By George Raymondo | Mortgage Broker
or Lender in Chino Hills, CA

How Can I Raise My Credit Score?

How Can I Raise My Credit Score?

By George Raymondo

At least once a day I am contacted by someone who holds the belief that they may never have good enough credit to buy a home. Although each conversation is different, it's truly amazing how similar the stories have become. If you are one of those millions of Americans whose credit has taken a beating due to a loss of a job, divorce, health problems or you just haven't taken your credit obligations responsibly, let me give you some encouragement. Even the best of us have had some credit issues at one time or another. Whether you're millionaire or just a plain ole regular Joe, somewhere down the road you will need to get a loan for something. So taking a little time and improving your credit score even by just a few points just might seal the deal and help you succeed in getting your home loan approved and could ultimately help reduce your interest rate by a half percent or more. Here’s how to do it.

  • By improving your credit score by just a few points just might seal the deal and help you succeed in getting your home loan approved and could ultimately help reduce your interest rate by a half percent or more. Here’s how to do it.
  • Rule #1- Check your credit report regularly for errors that can lower your credit scores. Remember, every consumer receives one FREE Credit Report from the 3 major credit bureaus once a year. This enables you to monitor your credit for 30 days giving you the ability to dispute inaccurate reporting.
  • Rule #2- Pay down those high balances on your credit cards, this alone can improve your credit score relatively quickly. Shifting balances from one card to another doesn’t work anymore. The credit score modeling system is setup to look at your total debt.
  • Rule #3- Pay all revolving credit accounts before the statement cutoff date, not after the statements come in. This is a common mistake, and could make the different in getting your loan approved or having your escrow fallout.
  • Rule #4- If you can’t pay down your balances significantly, as least pay more than the minimum payment due on your accounts.
  • Rule #5- Know when your credit card statements posts. If at all possible, pay your balances in full each month before the due date. It’s a myth that credit scores are higher for people who carry balances on their accounts. That is a fallacy to get consumers to remain debtors in hopes of gaining interest revenue they bring in.
  • Rule #6- Two cards are better than one and three are better than two, but don't go crazy!  If you have just one credit card, your credit history may be viewed as too limited or in the event of a mishap, where a late payment is reported on your credit account, it will have a greater negative impact.
  • Rule #7- Don’t open any new accounts if you plan on starting the home loan process in the next 30-60 days. That account will not have sufficient time to rate. Be proactive not reactive. Be patient, doing the homework upfront will save you thousands in lender fees and higher interest rates.
  • Rule #8- Never ever go over your credit limit. Always stay at or slightly below your limit. This is also a common mistake that consumers make. They charge their credit cards up to the limit then are either hit with a late fee or annual membership fee. This inevitably happens when you least expect it.
  • Rule #9- Increase your credit limits if possible. Those consumers with secured credit cards, add to your deposits. By increasing your limit, your current debt becomes a smaller percentage of the total credit available to you. That alone will help raise your score. Do not in turn, charge up your credit card account again to the new higher limit, your score will tumble once again and you’ll be deeper debt and will have defeated the purpose.
  • Rule #10- Borrow from banks rather than finance companies when at all possible. Customers of finance companies are generally are charged higher rates and fees and thought of as a slightly higher risk.
  • Rule #11- Use your debit card rather than your credit card.
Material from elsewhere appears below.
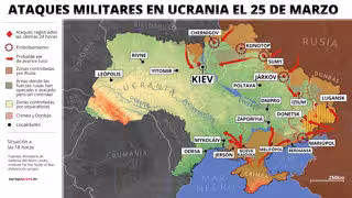 Mapa con ataques militares en Ucrania el 25 de marzo de 2022 (estado a las 18 horas). Las autoridades de Ucrania han asegurado este viernes que el Ejército ha iniciado una contraofensiva en la región de la capital, Kiev, y ha destacado que los principal

Force yourself to be more frugal.Getting back to basics should be the new American Dream!
  • Rule #12- Be sure that the credit bureaus remove any derogatory information that’s older than seven years and a Bankruptcy that is older than 10 years. This should happen automatically, but sometimes you just got to stay alert.
  • Rule #13- Canceling unused cards is a bad move and will not raise your credit score. In fact, it will lower the score. That’s because having fewer credit cards increases the ratio of your debt to your open credit lines.
  • Rule #14- Before you go out and start disputing old collections and charge off accounts beware of this warning. This could come back to haunt you. By disputing an old collection or charge off that hasn't rated to the credit bureaus in years actual will hurt your scores if they come back and verify the debt. The scoring system will actually read that line item as a new or updated collection, most likely with a higher balance. Bad move! If a lender really requires a borrower to payoff a open collection or charge off, ask the lender to accept settlement of the debt through the escrow process. This will reduce the chance of the credit score dropping in the 11th hour causing your loan to be denied. With the changes in lending guidelines, more than likely you will need to remove any disputed line items on your credit report even if it has been paid. It's not like the old days when a disputed items meant it could be overlooked. Those days are gone.
  • Final Rule- Never ever ever cancel your oldest credit card(s), this could be really a costly mistake. Longevity is a major factor in the credit scoring system. Accounts with longer payment histories flag your file as an experienced user of credit, not an abuser of credit, which is exactly what lenders are looking for. Good Luck!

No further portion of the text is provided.